Clustering system
A group of cells are newly clustered on the basis of the result of implementing a SOM. A plurality of pieces of multivariate data are clustered via a SOM, and cells are displayed on a two-dimensional plane as rectangular or hexagonal shapes. The level of similarity between representative vectors from each adjacent cell is calculated, and a dendrogram is three-dimensionally depicted. Cells on a SOM map are colored differently in accordance with a plane for partitioning the dendrogram.
Latest Patents:
The present application claims priority from Japanese application JP 2004-355214 filed on Dec. 8, 2004, the content of which is hereby incorporated by reference into this application.

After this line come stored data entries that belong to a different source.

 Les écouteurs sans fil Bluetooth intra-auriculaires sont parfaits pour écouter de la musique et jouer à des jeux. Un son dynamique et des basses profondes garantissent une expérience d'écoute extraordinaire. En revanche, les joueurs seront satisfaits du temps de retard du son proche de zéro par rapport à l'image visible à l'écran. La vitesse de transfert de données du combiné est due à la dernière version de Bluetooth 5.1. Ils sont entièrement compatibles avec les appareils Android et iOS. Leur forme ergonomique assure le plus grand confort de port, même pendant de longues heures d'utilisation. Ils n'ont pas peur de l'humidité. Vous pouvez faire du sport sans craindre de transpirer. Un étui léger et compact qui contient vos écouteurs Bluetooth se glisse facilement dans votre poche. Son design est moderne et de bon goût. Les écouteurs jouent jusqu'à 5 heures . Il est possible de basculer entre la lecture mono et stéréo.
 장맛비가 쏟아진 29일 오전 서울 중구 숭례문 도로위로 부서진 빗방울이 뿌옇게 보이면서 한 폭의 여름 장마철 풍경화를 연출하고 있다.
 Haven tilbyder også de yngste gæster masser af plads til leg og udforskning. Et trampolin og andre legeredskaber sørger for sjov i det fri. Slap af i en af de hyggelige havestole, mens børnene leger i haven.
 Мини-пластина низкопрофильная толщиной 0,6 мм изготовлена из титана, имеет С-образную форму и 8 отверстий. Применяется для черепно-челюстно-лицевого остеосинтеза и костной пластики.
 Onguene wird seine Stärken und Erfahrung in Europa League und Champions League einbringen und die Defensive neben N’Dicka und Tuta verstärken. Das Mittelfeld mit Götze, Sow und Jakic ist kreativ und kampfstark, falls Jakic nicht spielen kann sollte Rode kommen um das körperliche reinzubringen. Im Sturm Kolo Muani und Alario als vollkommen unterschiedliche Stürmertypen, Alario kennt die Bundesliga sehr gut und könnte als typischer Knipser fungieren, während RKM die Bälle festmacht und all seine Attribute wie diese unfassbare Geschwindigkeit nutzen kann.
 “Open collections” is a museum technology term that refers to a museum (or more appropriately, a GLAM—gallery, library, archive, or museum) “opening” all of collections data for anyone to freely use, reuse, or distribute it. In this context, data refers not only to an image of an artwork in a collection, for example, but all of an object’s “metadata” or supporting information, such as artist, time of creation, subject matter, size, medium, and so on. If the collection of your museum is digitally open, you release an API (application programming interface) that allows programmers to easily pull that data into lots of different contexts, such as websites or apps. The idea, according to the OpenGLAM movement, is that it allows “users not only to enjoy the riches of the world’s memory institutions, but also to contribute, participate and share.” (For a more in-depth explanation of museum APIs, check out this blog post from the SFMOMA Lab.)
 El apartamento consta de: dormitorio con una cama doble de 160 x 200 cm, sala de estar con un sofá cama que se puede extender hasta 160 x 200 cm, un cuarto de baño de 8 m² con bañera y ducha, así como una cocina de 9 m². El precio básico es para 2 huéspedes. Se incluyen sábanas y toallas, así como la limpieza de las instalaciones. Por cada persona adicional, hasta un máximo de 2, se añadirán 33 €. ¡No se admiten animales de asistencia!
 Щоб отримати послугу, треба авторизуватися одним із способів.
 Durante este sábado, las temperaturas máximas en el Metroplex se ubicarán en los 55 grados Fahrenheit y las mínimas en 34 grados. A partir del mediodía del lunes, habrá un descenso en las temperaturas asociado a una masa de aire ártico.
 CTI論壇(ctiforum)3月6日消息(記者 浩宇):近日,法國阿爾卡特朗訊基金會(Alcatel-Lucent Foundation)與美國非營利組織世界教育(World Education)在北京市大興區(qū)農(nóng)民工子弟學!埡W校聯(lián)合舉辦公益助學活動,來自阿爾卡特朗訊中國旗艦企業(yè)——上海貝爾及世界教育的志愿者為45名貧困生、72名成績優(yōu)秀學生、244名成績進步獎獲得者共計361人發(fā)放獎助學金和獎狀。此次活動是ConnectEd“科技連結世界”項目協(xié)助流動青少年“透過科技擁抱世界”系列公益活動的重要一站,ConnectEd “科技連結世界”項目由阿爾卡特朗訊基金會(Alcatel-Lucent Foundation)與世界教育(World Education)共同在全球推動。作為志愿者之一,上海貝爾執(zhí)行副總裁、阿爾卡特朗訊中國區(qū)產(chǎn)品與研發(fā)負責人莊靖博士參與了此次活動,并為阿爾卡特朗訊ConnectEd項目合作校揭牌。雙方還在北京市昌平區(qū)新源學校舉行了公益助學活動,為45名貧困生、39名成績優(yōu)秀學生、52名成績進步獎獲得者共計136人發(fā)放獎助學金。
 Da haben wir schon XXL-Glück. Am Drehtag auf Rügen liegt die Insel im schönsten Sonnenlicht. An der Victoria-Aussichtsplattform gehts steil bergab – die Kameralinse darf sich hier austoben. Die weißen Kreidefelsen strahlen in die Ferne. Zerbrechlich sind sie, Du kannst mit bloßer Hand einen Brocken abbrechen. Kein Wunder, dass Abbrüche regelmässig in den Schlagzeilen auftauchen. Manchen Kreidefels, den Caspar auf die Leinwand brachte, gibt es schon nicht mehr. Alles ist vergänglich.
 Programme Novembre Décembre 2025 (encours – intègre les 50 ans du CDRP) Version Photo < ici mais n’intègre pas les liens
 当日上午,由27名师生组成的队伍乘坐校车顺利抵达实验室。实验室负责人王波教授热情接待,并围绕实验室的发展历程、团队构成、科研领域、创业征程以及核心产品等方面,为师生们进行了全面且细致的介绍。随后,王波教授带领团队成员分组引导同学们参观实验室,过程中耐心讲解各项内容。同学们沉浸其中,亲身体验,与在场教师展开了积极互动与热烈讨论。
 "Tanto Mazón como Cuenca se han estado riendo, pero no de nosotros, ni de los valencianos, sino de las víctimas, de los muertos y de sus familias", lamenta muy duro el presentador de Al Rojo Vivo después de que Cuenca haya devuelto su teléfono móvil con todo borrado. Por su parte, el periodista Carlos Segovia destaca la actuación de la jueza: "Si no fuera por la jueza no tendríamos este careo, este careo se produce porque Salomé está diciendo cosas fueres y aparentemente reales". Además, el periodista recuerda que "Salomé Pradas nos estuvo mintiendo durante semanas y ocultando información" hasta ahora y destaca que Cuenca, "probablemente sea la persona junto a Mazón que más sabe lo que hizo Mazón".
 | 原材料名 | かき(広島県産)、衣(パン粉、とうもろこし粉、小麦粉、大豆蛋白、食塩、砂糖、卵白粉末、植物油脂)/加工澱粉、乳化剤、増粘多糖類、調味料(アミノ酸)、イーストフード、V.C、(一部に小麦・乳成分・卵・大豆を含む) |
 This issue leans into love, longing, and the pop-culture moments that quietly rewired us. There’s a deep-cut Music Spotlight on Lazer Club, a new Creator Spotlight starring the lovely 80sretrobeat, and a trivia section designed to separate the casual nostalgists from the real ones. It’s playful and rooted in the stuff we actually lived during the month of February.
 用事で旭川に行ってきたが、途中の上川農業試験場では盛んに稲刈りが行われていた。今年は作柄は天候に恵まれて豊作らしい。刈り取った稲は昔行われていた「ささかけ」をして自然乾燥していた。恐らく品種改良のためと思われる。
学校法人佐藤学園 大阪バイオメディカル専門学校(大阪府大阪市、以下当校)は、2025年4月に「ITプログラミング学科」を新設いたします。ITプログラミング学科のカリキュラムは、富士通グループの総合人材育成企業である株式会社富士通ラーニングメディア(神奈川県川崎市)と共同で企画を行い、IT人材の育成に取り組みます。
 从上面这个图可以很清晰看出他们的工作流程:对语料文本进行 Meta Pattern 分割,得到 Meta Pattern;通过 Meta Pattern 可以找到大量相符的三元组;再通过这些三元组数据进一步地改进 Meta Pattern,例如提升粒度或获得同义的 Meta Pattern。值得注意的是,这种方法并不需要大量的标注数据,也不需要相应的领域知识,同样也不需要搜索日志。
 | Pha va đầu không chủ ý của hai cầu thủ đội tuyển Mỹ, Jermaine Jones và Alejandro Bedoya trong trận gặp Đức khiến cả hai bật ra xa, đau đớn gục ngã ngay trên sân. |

BACKGROUND OF THE INVENTION1. Field of the Invention
The present invention relates to a clustering system for displaying the results of clustering in a visually easily recognizable manner using a combination of clustering techniques involving a SOM (self-organizing map) and a dendrogram.
2. Background Art
Conventionally, the SOM (self-organizing map) (T. Kohonen, “Self-Organizing Maps,” Springer 1995) has been used as a clustering technique for grouping a plurality of items of multivariate data by calculating the similarity between them in terms of the Euclidean distance (simple geometric distance in a multidimensional space) or the Manhattan distance (distance expressed in terms of simple difference in each dimension). The SOM, which is one of non-hierarchical techniques, is a technique whereby data is mapped on a two-dimensional plane. The SOM produces a clustering result such that data with smaller distances (i.e., with greater similarities) is clustered on the two-dimensional plane. Another clustering technique that has been used for a long time involves the use of a dendrogram in which the similarity among individual pieces of data are displayed in a hierarchical manner, as disclosed in Patent Document 1. In a dendrogram, the distances among clusters are calculated according to a definition formula based on the Ward's method or the nearest neighbor method, for example, and clusters with smaller distances are displayed together in a dendrogram (tournament diagram). Because the results obtained from the dendrogram method do not provide any clue as to where the clusters can be optimally partitioned, calculation formulae have been devised that are based on standards such as, e.g., one by which clusters are partitioned such that the distance between data in each cluster becomes minimum and the distance between each cluster becomes maximum.
Meanwhile, data mining including a variety of clustering techniques, such as the SOM and dendrograms, is being used in recent years for discovering biologically significant information in data that has been comprehensively analyzed in gene expression analysis involving a DNA microarray. In this case, the data used in multivariate analysis such as clustering consists of values represented in terms of each gene as a key and the DNA array as a dimension, or, conversely, the DNA microarray as a key and each gene as a dimension. It has been reported in papers that, when each gene is taken as a key, groups of genes associated with metabolism or development are obtained as clusters in experiments involving time-series data. When the DNA microarray is used as a key, on the other hand, subtypes of diseases, such as cancer, are obtained as individual clusters. Thus, there are expectations that such data mining will be applied to clinical diagnostic techniques.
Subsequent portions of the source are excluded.